- _Exercise_
Using the records below, copy exactly the part that opens with the line holding "Nandashe Womens 3/4" and closes with the line holding "SHEIN Ditsy Floral", minus the pictures.

- _Given data_
────────────────────────────────────────
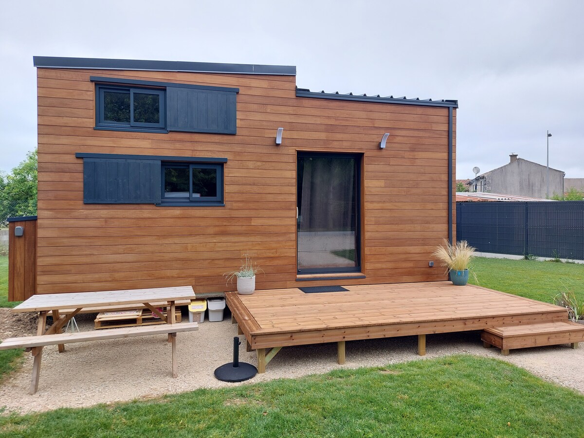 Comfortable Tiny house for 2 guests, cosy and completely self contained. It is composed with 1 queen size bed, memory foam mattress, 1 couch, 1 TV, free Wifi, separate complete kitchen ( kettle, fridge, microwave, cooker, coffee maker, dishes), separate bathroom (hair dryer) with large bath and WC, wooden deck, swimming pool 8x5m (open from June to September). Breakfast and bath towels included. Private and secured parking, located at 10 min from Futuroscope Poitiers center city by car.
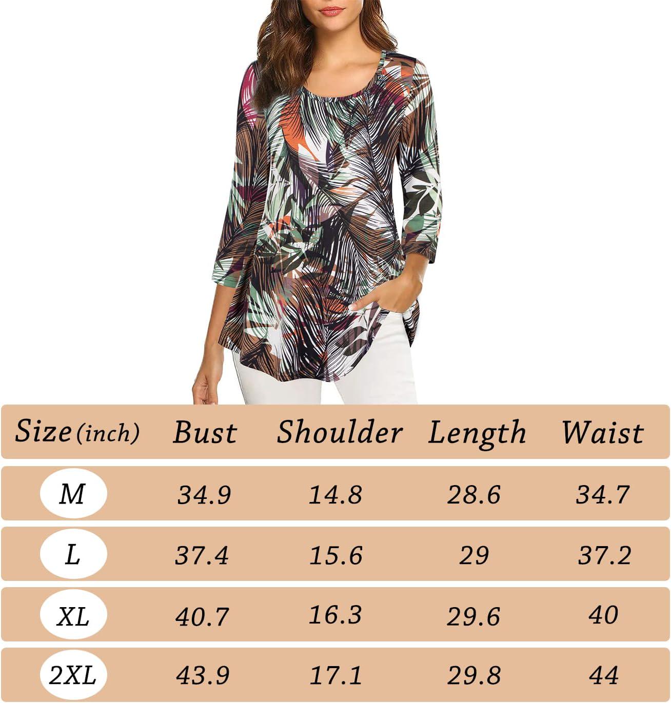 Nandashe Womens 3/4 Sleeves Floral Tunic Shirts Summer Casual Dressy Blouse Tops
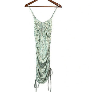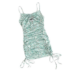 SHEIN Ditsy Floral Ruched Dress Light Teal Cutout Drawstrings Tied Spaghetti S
────────────────────────────────────────
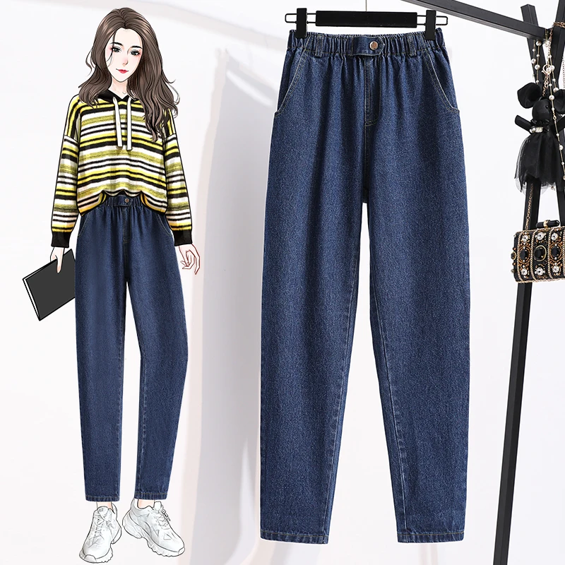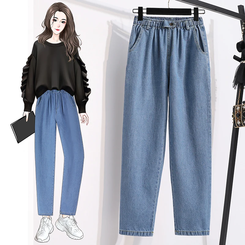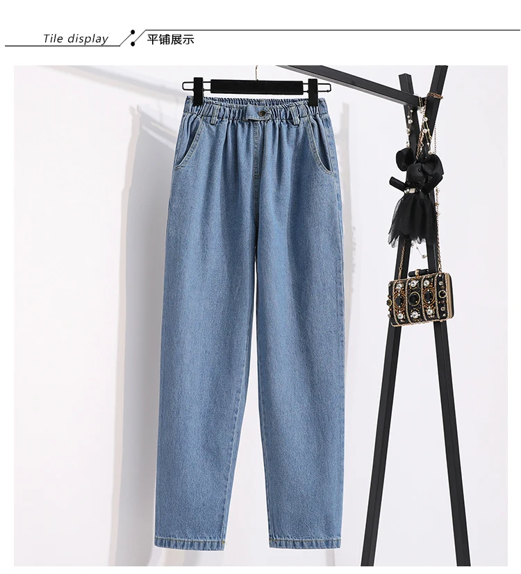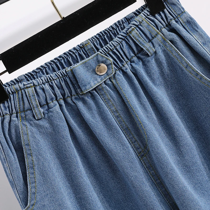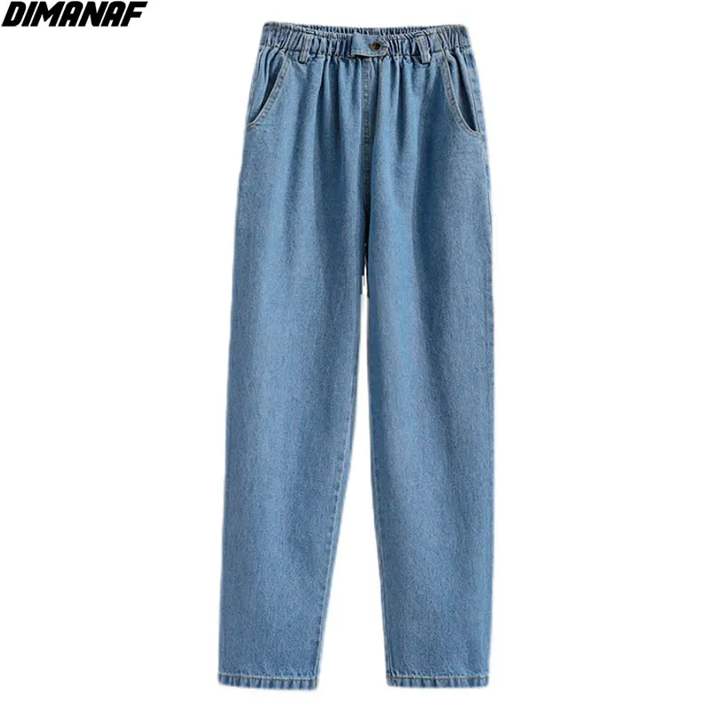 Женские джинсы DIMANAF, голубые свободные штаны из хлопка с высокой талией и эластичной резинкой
────────────────────────────────────────
- _Result of the task_
 Nandashe Womens 3/4 Sleeves Floral Tunic Shirts Summer Casual Dressy Blouse Tops
 SHEIN Ditsy Floral Ruched Dress Light Teal Cutout Drawstrings Tied Spaghetti S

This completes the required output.